Data to use
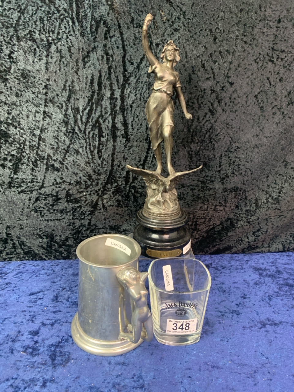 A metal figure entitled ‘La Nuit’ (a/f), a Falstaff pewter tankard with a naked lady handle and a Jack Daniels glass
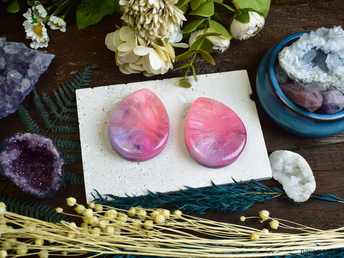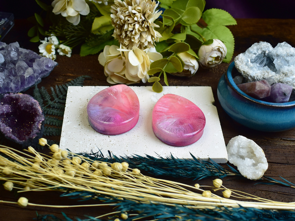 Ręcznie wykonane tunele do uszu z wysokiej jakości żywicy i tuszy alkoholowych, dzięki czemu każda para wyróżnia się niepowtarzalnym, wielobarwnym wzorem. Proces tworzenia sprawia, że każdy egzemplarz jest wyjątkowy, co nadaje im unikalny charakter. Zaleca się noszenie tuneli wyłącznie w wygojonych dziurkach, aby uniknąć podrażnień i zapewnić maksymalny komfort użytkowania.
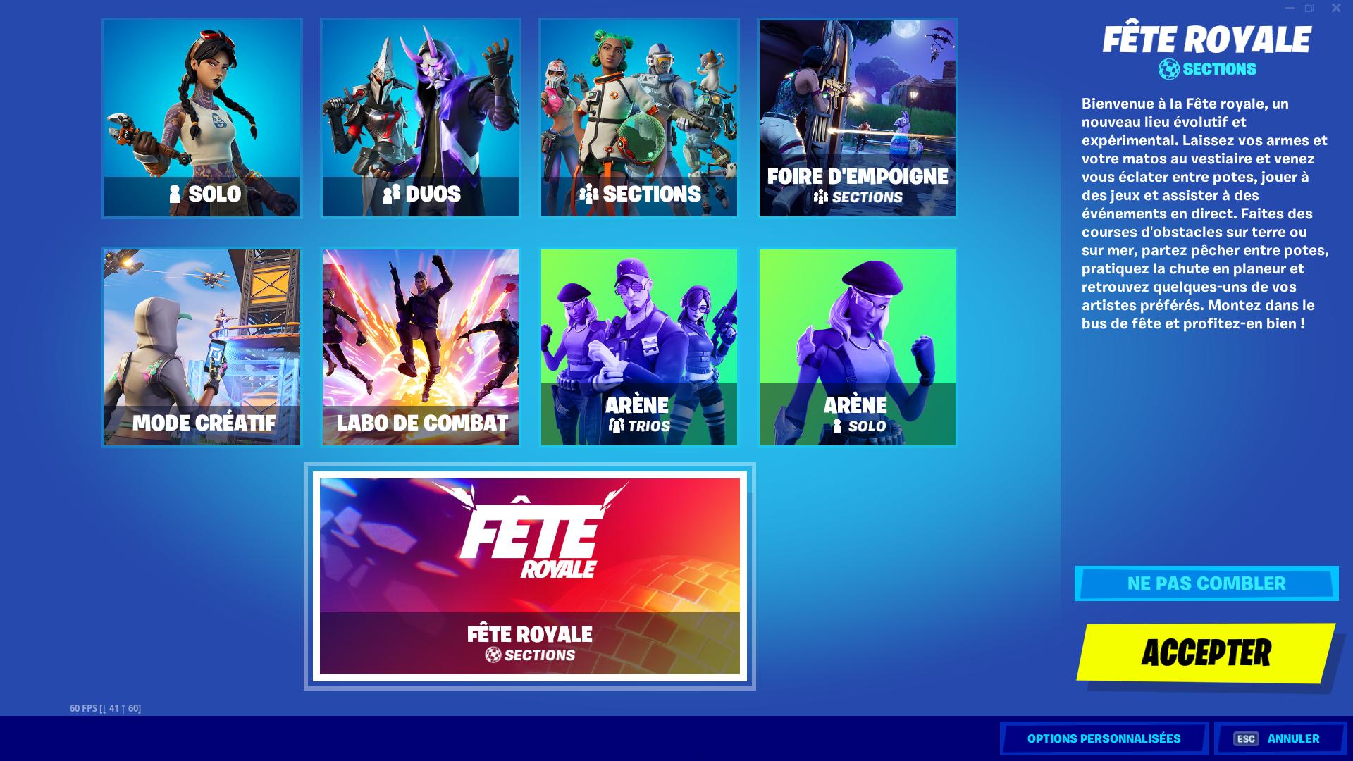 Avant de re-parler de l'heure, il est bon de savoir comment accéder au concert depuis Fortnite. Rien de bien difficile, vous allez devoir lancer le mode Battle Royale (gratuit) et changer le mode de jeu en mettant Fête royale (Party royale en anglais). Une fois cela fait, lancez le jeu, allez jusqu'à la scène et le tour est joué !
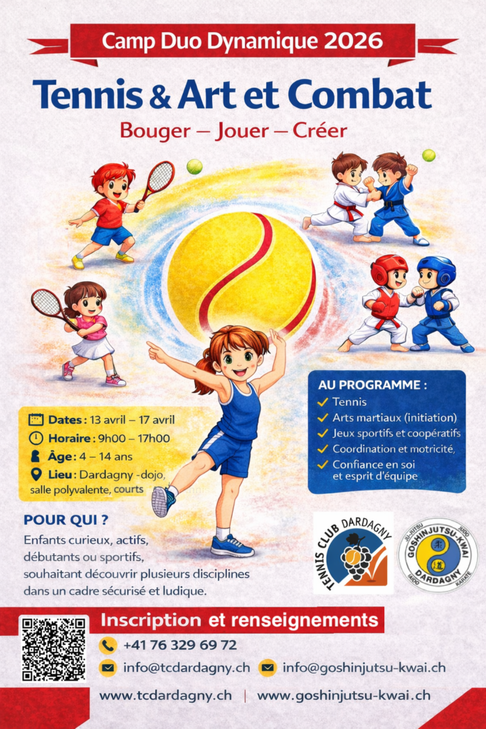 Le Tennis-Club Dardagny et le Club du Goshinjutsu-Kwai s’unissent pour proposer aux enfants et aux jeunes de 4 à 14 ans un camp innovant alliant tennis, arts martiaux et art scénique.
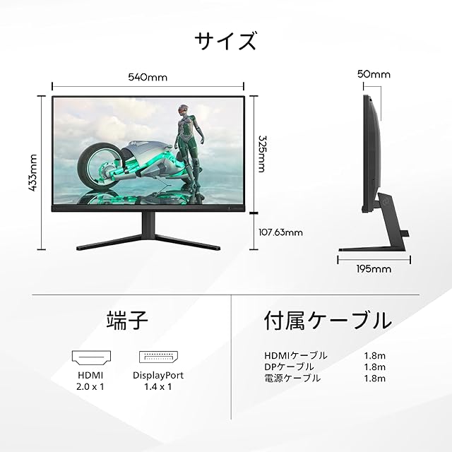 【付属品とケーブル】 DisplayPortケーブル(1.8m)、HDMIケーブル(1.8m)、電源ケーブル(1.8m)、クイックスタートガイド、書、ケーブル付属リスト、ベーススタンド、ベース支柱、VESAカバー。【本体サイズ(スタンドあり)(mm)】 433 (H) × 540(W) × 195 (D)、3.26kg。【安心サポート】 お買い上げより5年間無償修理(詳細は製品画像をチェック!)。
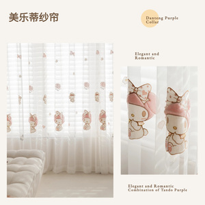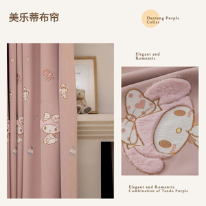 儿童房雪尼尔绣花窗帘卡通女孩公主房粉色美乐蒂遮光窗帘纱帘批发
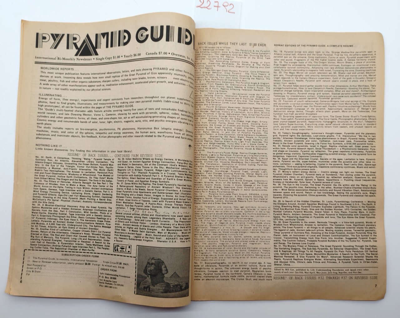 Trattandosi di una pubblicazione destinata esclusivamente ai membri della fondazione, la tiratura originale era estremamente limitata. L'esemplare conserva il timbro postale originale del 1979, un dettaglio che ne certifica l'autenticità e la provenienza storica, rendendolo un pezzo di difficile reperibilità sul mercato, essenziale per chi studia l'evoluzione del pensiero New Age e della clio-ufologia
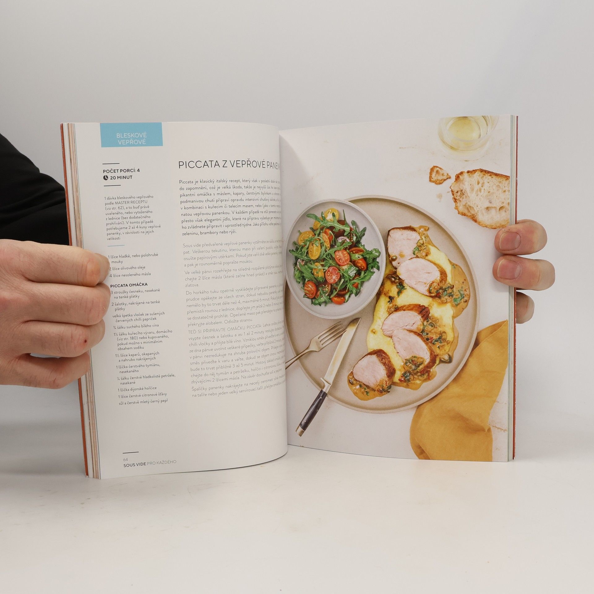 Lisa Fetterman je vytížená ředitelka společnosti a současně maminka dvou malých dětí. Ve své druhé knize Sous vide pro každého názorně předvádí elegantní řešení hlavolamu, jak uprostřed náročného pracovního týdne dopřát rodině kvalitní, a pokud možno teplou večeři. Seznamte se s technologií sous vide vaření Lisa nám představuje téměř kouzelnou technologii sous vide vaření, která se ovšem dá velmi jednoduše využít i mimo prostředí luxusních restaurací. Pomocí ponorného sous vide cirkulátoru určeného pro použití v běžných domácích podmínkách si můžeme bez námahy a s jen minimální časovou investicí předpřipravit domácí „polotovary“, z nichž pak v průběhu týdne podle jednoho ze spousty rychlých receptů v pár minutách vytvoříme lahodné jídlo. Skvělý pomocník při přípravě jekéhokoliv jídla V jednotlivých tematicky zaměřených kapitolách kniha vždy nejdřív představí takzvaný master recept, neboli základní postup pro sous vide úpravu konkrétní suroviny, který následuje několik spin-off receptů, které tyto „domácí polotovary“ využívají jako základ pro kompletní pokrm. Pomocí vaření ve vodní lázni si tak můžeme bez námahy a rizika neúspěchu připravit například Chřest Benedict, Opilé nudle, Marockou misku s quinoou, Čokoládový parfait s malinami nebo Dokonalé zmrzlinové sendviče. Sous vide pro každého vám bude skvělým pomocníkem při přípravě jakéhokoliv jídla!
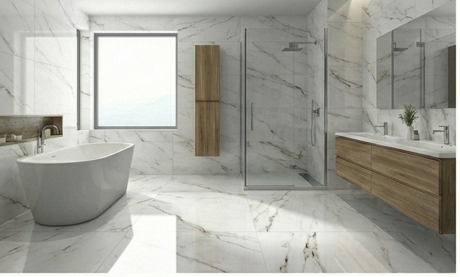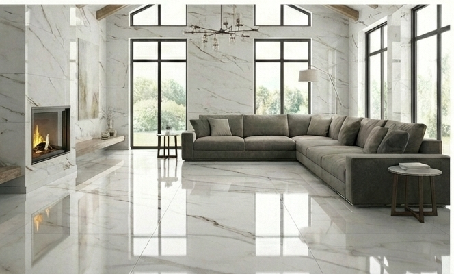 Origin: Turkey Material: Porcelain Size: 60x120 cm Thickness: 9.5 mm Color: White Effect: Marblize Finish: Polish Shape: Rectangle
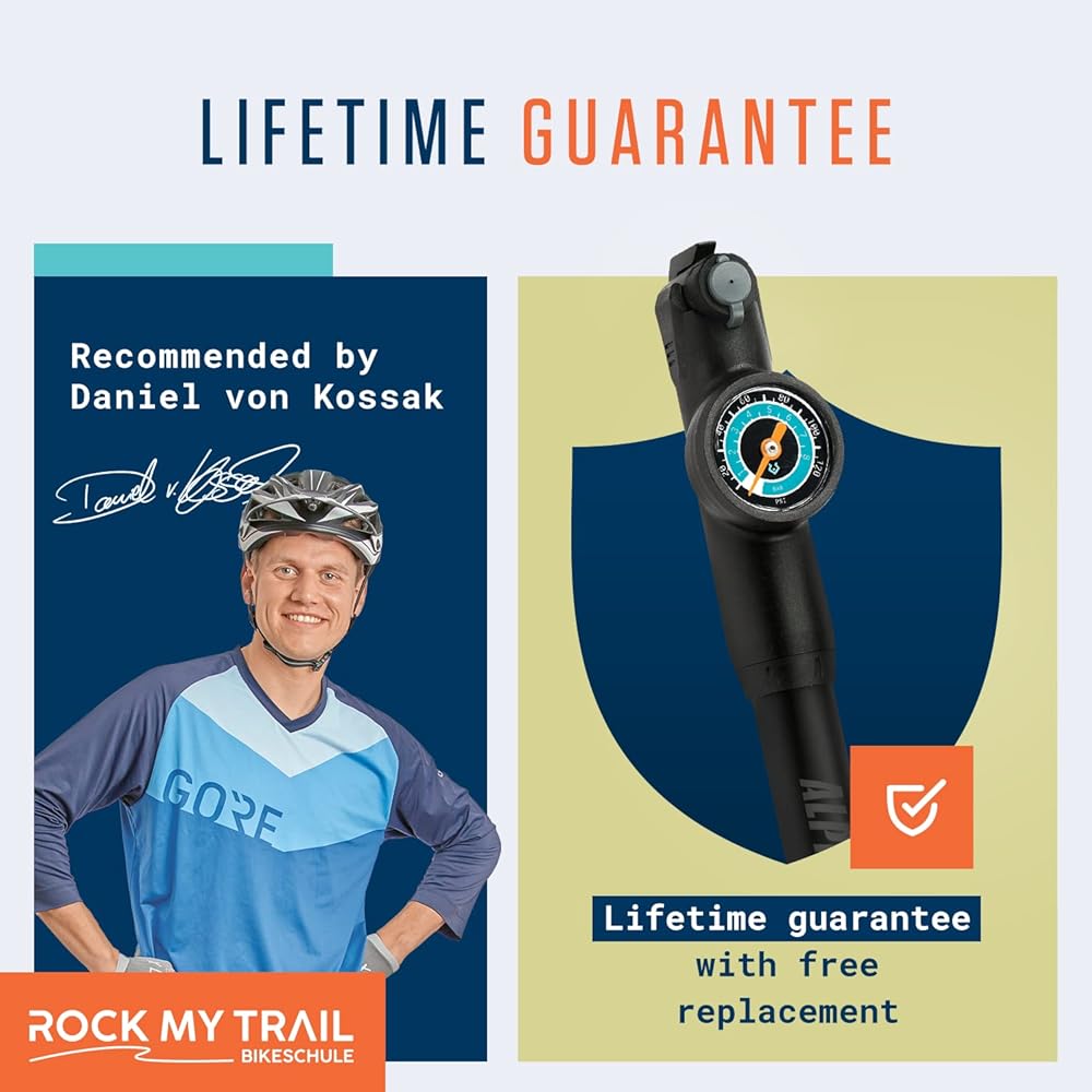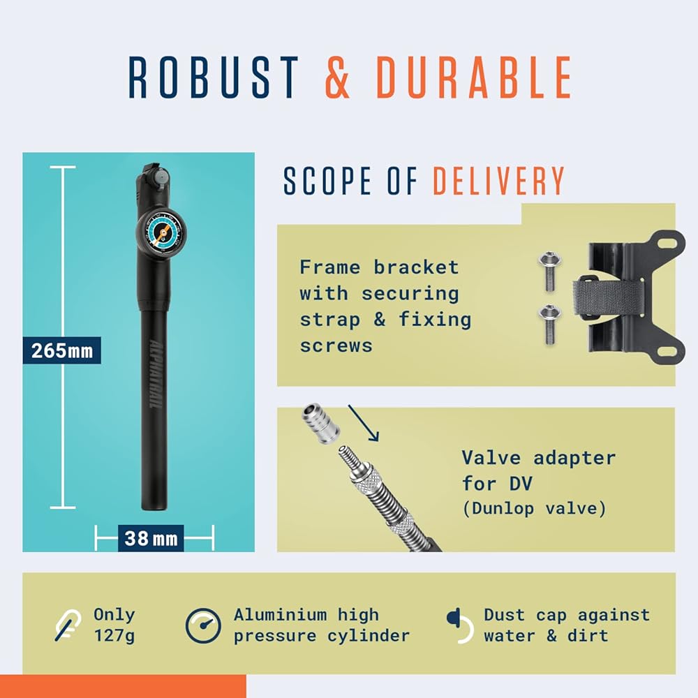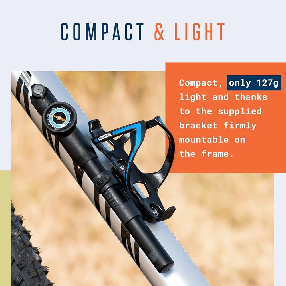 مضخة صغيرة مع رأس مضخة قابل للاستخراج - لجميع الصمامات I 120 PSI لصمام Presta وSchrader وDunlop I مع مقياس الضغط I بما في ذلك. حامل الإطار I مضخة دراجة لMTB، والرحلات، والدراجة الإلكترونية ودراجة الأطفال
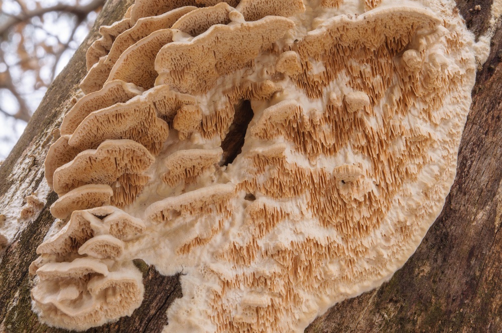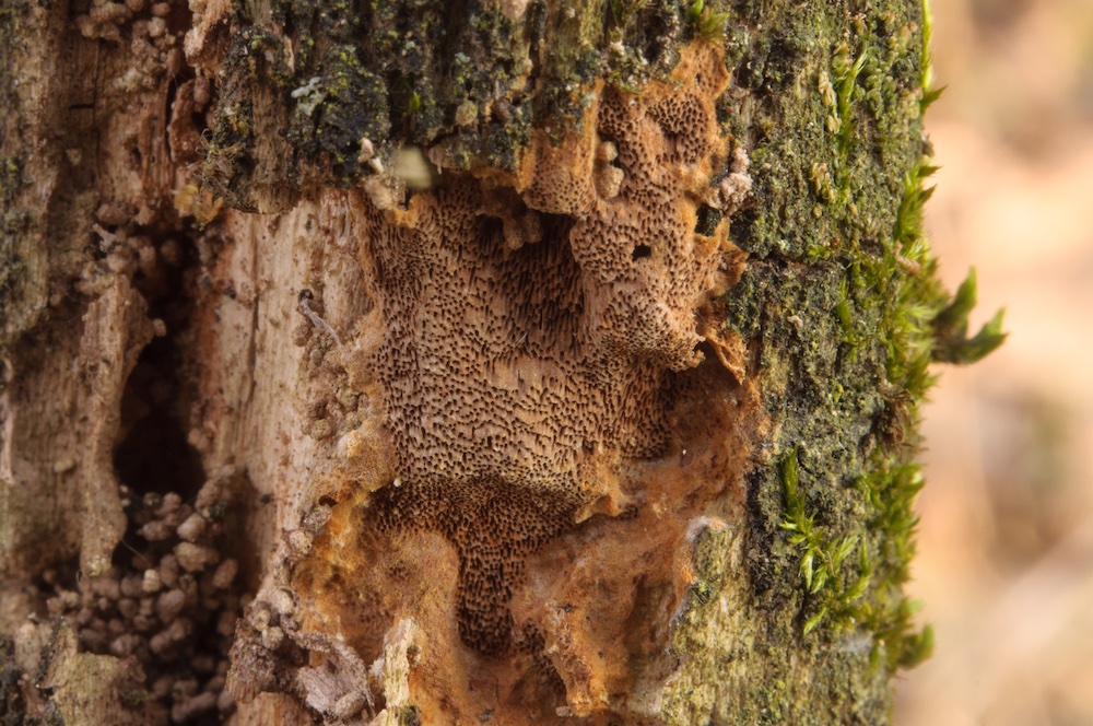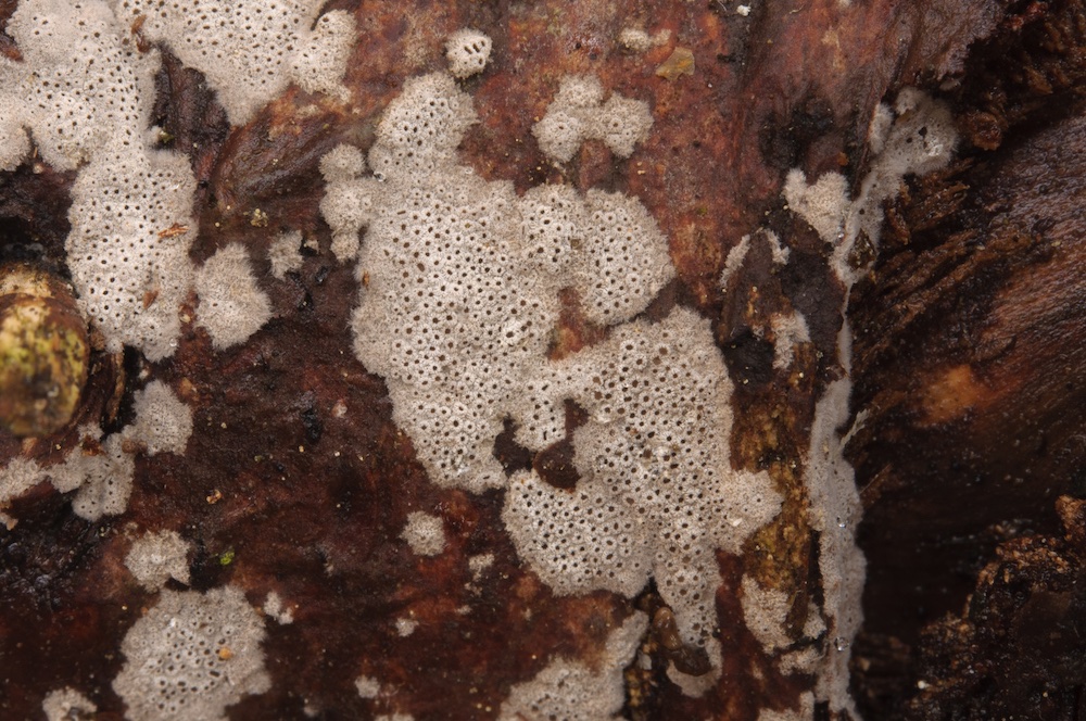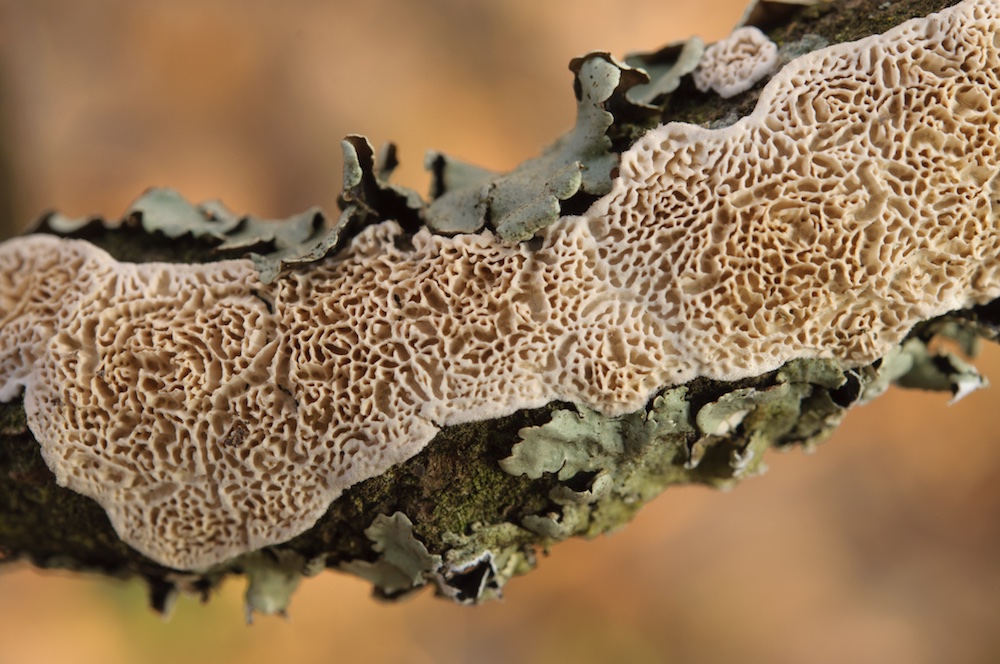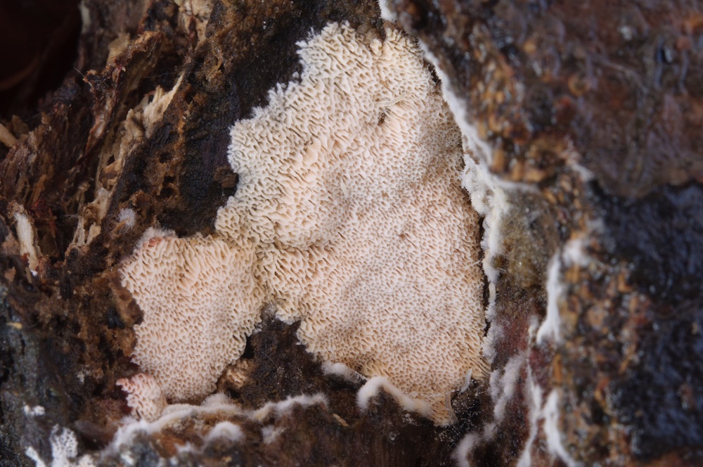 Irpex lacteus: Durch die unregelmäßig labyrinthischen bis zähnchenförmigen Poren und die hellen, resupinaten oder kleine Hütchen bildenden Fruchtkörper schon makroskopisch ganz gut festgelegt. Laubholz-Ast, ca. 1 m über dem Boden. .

Aim of the exercise
Go to the line above that contains "195 (D)、3.26kg。【安心サポート】 お買い上げより5年間無償修理(詳細は製品画像をチェック!)。" and reproduce everything exactly from there through the line that contains "儿童房雪尼尔绣花窗帘卡通女孩公主房粉色美乐蒂遮光窗帘纱帘批发", leaving out the pictures.

Response area
 【付属品とケーブル】 DisplayPortケーブル(1.8m)、HDMIケーブル(1.8m)、電源ケーブル(1.8m)、クイックスタートガイド、書、ケーブル付属リスト、ベーススタンド、ベース支柱、VESAカバー。【本体サイズ(スタンドあり)(mm)】 433 (H) × 540(W) × 195 (D)、3.26kg。【安心サポート】 お買い上げより5年間無償修理(詳細は製品画像をチェック!)。
 儿童房雪尼尔绣花窗帘卡通女孩公主房粉色美乐蒂遮光窗帘纱帘批发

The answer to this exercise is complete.